I frequently get 100% CPU and I just now found that Bisq writes 2GB of data to disk in only 2 hours. I suspect the cause to be the database writer. Whenever a new object comes in, Bisq serializes everything (all 100000+ objects) and writes them to disk as a blob (not amending the file already there). This causes massive IO and high CPU load while serializing which does not scale. Having smaller buckets might take the edge of short-term.

Details: Problem statement, Numbers, Proposal, ...

Click to unfold

Problem statement

On startup, a Bisq application first requests up-to-date network data from two seednodes. Once data comes in, the Bisq app jumps from the loading screen to the trading UI. However, if no data arrives, Bisq stays at the loading screen forever.

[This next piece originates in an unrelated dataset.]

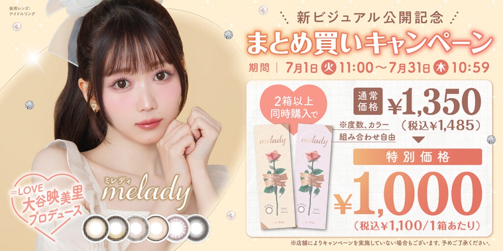 『melady(ミレディ)』は発売以来、=LOVE 大谷映美里さんプロデュースのもと、こだわりをぎゅっと詰め込んだ、“盛れる“カラコンを展開してきました。こだわりを詰め込んだレンズは、誰でもきゅるんなかわいさにハマること間違いなし!今後も、”meladyにおまかせ♡“いただけるような盛れるカラコンをお届けしてまいります。

There are two main reasons why this happens:

internet uplink is too slow and hits a seednode's connection timeout during request
the initial data request is huge. It by the time of writing exceeds 4MB and is bound to grow further

Numbers

The numbers below can be transformed to actual request size since each object is represented by a 20 Byte key in the initial outgoing data request basically saying "I already have that, please do not send it".

Data table

Version	Release date	SignedWitness	AccountAgeWitness	TradeStatistics2	total	others	total diff
v0.9.1	2018-12-13	1057	21132	19490	41802	123
v0.9.2	2019-01-08	1057	22056	21384	44620	123	2818
v0.9.5	2019-03-06	1057	24593	25212	50985	123	6365
v1.0.1	2019-04-16	1057	26550	27249	54979	123	3994
v1.1.1	2019-05-06	1057	27360	28585	57125	123	2146
v1.1.2	2019-06-04	1057	29437	30558	61196	144	4071
v1.1.3	2019-07-16	1057	32172	34344	67753	180	6557
v1.1.5	2019-08-08	1057	33664	36248	71149	180	3396
v1.1.7	2019-09-23	1057	36493	40273	77938	115	6789
v1.2.2	2019-11-01	1057	38665	42657	82494	115	4556
v1.2.3	2019-11-07	1171	39415	43009	83710	115	1216
v1.2.4	2019-12-05	1441	41114	45475	88145	115	4435
v1.2.5	2020-01-09	1693	43102	48049	92959	115	4814
v1.2.7	2020-02-13	1920	45204	51222	98461	115	5502
live	2020-03-06	2123	46989	54322	103997	563	5536

Proposed Solution

By adding the info "I am Bisq v1.2.1" to the list of known objects, we know what objects the client has - namely, objects shipped with the data stores of v1.2.1.

bin up the data
create a "special" key for addressing bins
tie those bins to the application version
create a new bin on every release holding only new data
if someday, the bins grow too big, we can split them even further since special keys are only identifiers

Advantages

reduce the number of historical keys to be send to O(1) (right now, it is O(n), @stejbac's solution is probably O(ln(n))(?))
no new fields needed in the protocol
robust? if a requestee does not know the "special" key, it just sends all the data
much simpler and therefore, easier to maintain compared to @stejbac's approach
maybe someday we are forced to not ship all historical appendOnly data to keep the memory footprint reasonable
- there is approx. +300kb per release now (source is @ripcurlx)
- if we reach our goal of 10x everything, we might get +3MB per release
- beyond, 10x that and we are at +30MB per release and that is starting to become an issue
- the Bitcoin blockchain has light clients as well
if we succeed in binning the data, we can move on to lazy-loading bins, thus, limiting RAM usage
- approx. 6000 new objects since v1.2.7 with a release coming up (check with @ripculx?)
- in other words plus 6k * 20Bytes = 120kB for the next release *2 on app startup)
- given successful growth campaigns, this will worsen the issue fast
  - if we reach our goal of 10x everything, we might face +1.2MB * 2 for the initial request per release
- lower RAM requirements might pave the way to moving Bisq to resource-restricted devices like smart phones or single-board computers

Disadvantages

introduce a dependency on "time", ie. the bisq version
given growth efforts succeed, we might have to release more often (or move to another method of binning the data)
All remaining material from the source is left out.